Many malignant cancers overexpress a protein called P-cadherin, which is embedded in the cell membrane. Because cancer cells have a lot of P-cadherin sticking out of their surface, the protein has been targeted for drug development. 

Monoclonal antibodies against P-cadherin can carry a drug payload to the cancer cells. It has not been clear, though, exactly how the antibodies attach to P-cadherin or how they get inside the cancer cell once attached. 

Bin Xie and Shipeng Xu, graduate students in biophysics and biomedical engineering at the University of California, Davis, with Professor Sanjeevi Sivasankar, carried out a series of experiments to study binding of antibody CQY684 to P-cadherin in detail. 

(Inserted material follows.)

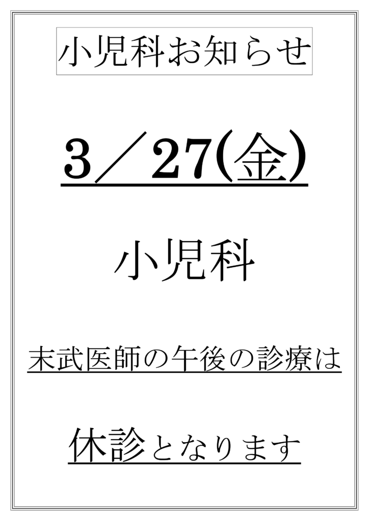 3月27日小児科診療について

P-cadherin is embedded in the cell membrane as a dimer, or matched pair, with P-cadherin on the surface of an adjacent cell. This dimer can exist in two conformations: a more open, “strand-swap” dimer and a cross-shaped, X-dimer. 

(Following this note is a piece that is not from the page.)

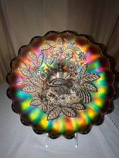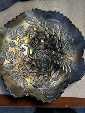 Fenton Peacock And urn Carnival Glass 13" Salad bowl

The researchers found that when the anti-cancer antibody binds to P-cadherin, it locks it into the X-dimer form. The stable X-form then triggers a chemical signal that causes that patch of membrane to be pinched off and sucked into the cell as a tiny bubble. The whole P-cadherin/antibody/drug complex is then sent to a structure called the lysosome to be broken down. 

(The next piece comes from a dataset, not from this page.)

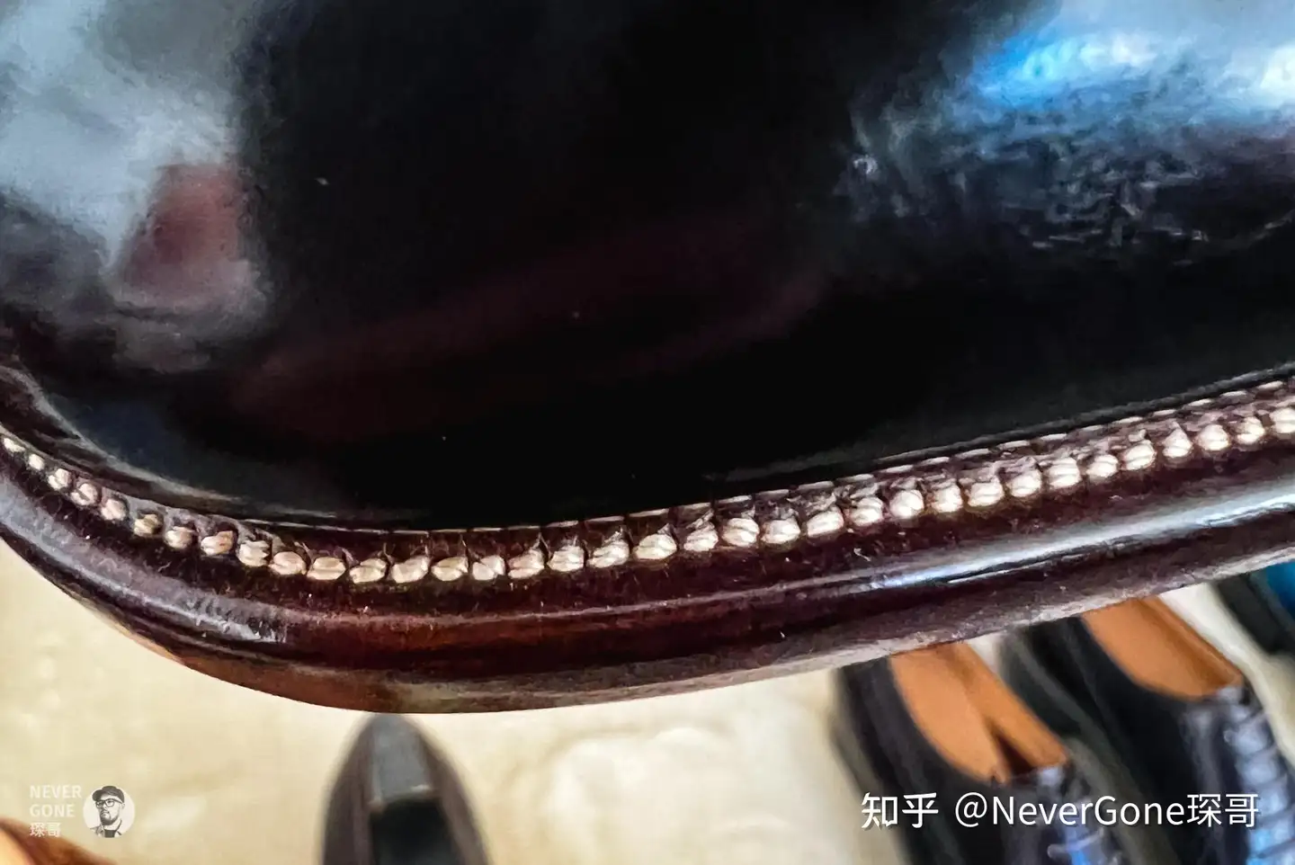具体来说,这种做法是帮面的内线和沿条的内线在同一个槽上,也就是先把鞋面和内底缝上,然后紧贴的这条线再缝手工沿条,同样的位置二次缝线的难度非常高,稍不留神就会扎断另一条内线,所以这双工艺比普通挪威缝更繁琐

“Our results establish an outside-in signaling mechanism that provides fundamental insights into how cells regulate adhesion,” the authors wrote. Understanding the binding targets for antibodies against cadherin could help design drugs that exploit this pathway to find and destroy cancer cells.

The work was supported in part by a grant from the National Institutes of Health.